- HST image of UGC 5889

Observation data (J2000 epoch)
- Constellation: Leo
- Right ascension: 10^{h} 47^{m} 22.401^{s}
- Declination: +14° 04′ 16.697″
- Heliocentric radial velocity: 573 km/s
- Distance: 25.2 Mly (7.73 Mpc)
- Group or cluster: M96 Group
- Apparent magnitude (V): 13.7
- Apparent magnitude (B): 14.3

Characteristics
- Type: SAB(s)m
- Mass: 2.3×10^{8} M_{☉}
- Apparent size (V): 2.2′ × 2.1′
- Notable features: Spiral morphology

Other designations
- NGC 3377A, UGC 5889, LEDA 32226, PGC 32226, DDO 88, ZWG 66.14

= NGC 3377A =

Galaxy in the constellation Leo

NGC 3377A is a dwarf irregular galaxy in the equatorial constellation of Leo. Alternatively, it is identified as DDO 88 or UGC 5889. The distance to this galaxy is 7.73 Mpc. The earliest known reference to this galaxy is from the 1959 publication A Catalogue of Dwarf Galaxies by Canadian astronomer Sidney van den Bergh, where it is listed as DDO 88. Therefore, this galaxy, despite its common name, was not a part of the original New General Catalogue.

==Observations==
This very low surface brightness galaxy is being viewed nearly face-on. It is a typical dwarf irregular galaxy with a morphological class of SAB(s)m. The galaxy is small and faint, with a somewhat boxy shape that is probably hosting a stellar bar. It is gas rich with an extended envelope of neutral hydrogen. Several holes have been identified in this gas, with the largest spanning 2 kpc. The latter radius is half that of the optical galaxy, and it is surrounded by a large ring of enhanced neutral hydrogen emission. The outer morphology of NGC 3377A is similar to a dwarf spiral galaxy with loosely wound arms.

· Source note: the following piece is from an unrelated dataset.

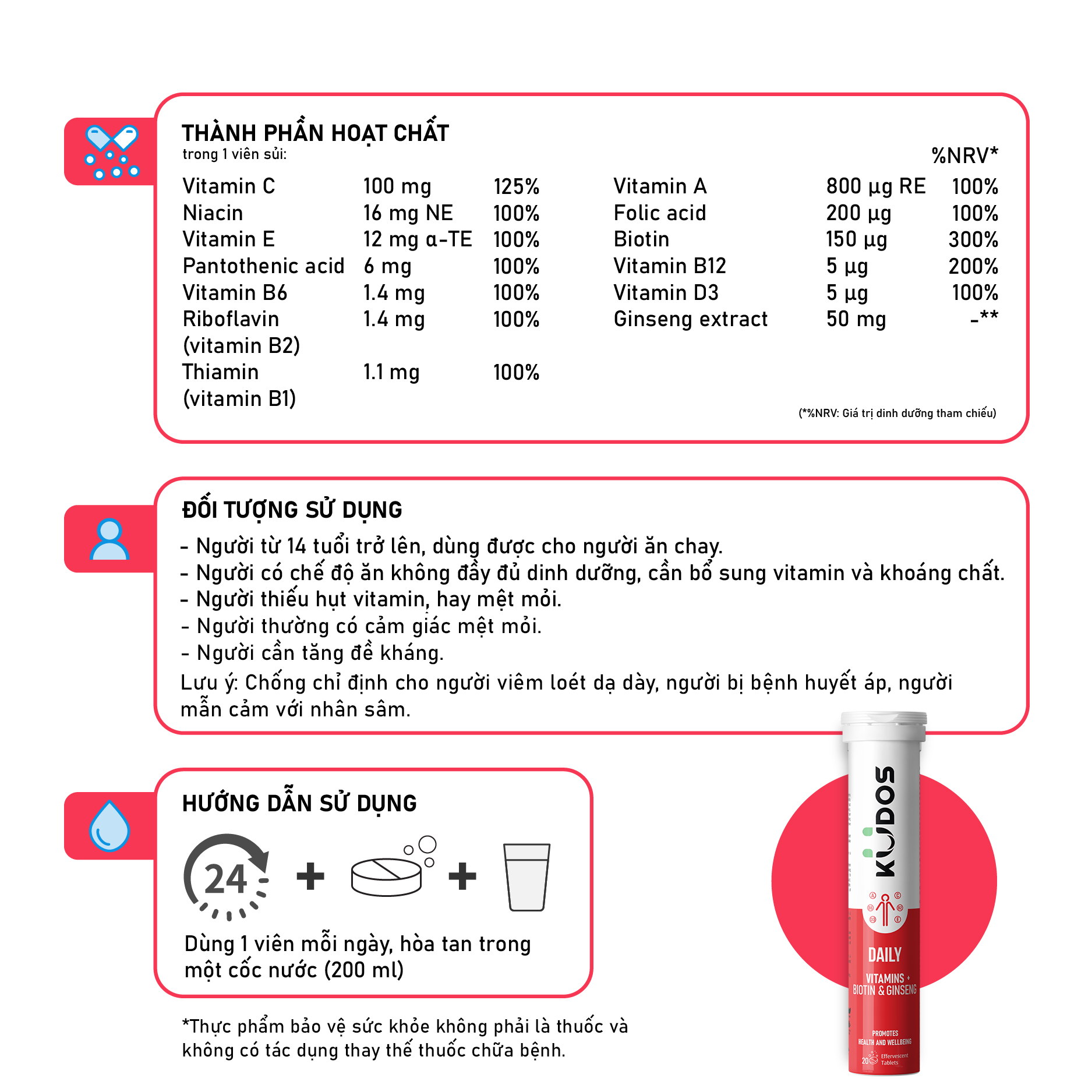 - KUDOS DAILY Trong mỗi viên sủi 4 g chứa: Vitamin C (Acid L-ascorbic) 100 mg, Chiết xuất nhân sâm 50 mg, Niacin (Nicotinamid) 16 mg NE, Vitamin E (DL-alpha-tocopheryl acetat) 12 mg α-TE, Acid pantothenic (D-pantothenat, calci) 6 mg, Vitamin B2 (Natri riboflavin 5’-phosphat) 1,4 mg, Vitamin B6 (Pyridoxin hydroclorid) 1,4 mg, Vitamin B1 (Thiamin mononitrat) 1,1 mg, Vitamin A (Retinylacetat) 800 µg RE, Acid folic (Acid pteroymonoglutamic) 200 µg, Biotin (D-Biotin) 150 µg, Vitamin D3 (Cholecalciferol) 5 µg, Vitamin B12 (Cyanocobalamin) 5 µg. Phụ liệu: Chất điều chỉnh độ acid: acid citric, natri hydro carbonat; chất độn: sorbitol; hương liệu tổng hợp (hương cam); chất tạo ngọt tổng hợp: aspartam; chất độn: maltodextrin, bột nước ép củ dền; chất tạo ngọt tổng hợp: acesulfam kali. Chú ý: • Thực phẩm này không phải là thuốc, không có tác dụng thay thế thuốc chữa bệnh. • Không dùng cho người mẫn cảm, kiêng kỵ với bất cứ thành phần nào của sản phẩm. • Phụ nữ có thai, đang cho con bú, người bị viêm loét dạ dày, tá tràng, nên tham khảo ý kiến bác sĩ, chuyên gia y tế trước khi dùng. • Không dùng quá liều khuyến nghị hàng ngày. • Không phù hợp cho trẻ em dưới 14 tuổi. Để xa tầm tay trẻ nhỏ. • Không dùng sản phẩm sau ngày hết hạn. • Sản phẩm là thực phẩm bảo vệ sức khỏe chứa vitamin, khoáng chất và chất tạo ngọt. • Thực phẩm bảo vệ sức khỏe không thay thế cho chế độ ăn uống đa dạng cân bằng và lối sống lành mạnh. • Sản phẩm không chứa lactose, gluten và thân thiện với người ăn chay. Thời hạn sử dụng: 36 tháng kể từ ngày sản xuất NSX, HSD: Xem “MFD” và “EXP” ở đáy tuýp. Xuất xứ: Đức

Star formation in NGC 3377A is low, occurring at an averate rate of 0.0033 solar mass per year. Over the last 200 million years, star formation appears to have occurred in spurts. NGC 3377A is currently in the midst of one such outburst, with new stars being formed in small, bright, evenly distributed regions in the outer parts of the galaxy. A total of 83 young stellar groups have been identified. Many of these occur in "knots" of hydrogen-alpha emission. The central region primarily consists of older stellar populations.

NGC 3377 and NGC 3377A imaged by Legacy Surveys

NGC 3377A is a member of the M96 Group (Leo I) of galaxies and is located at an angular separation of 7 arcminute to the northwest of the giant elliptical galaxy NGC 3377.

NGC 3377A may be a companion of NGC 3377. The pair have a velocity difference of 120 km s^{−1} and a projected separation of around 22 kpc. NGC 3377A has a low rotation rate for its luminosity, suggesting this a tidal dwarf with a lower level of dark matter than is typical.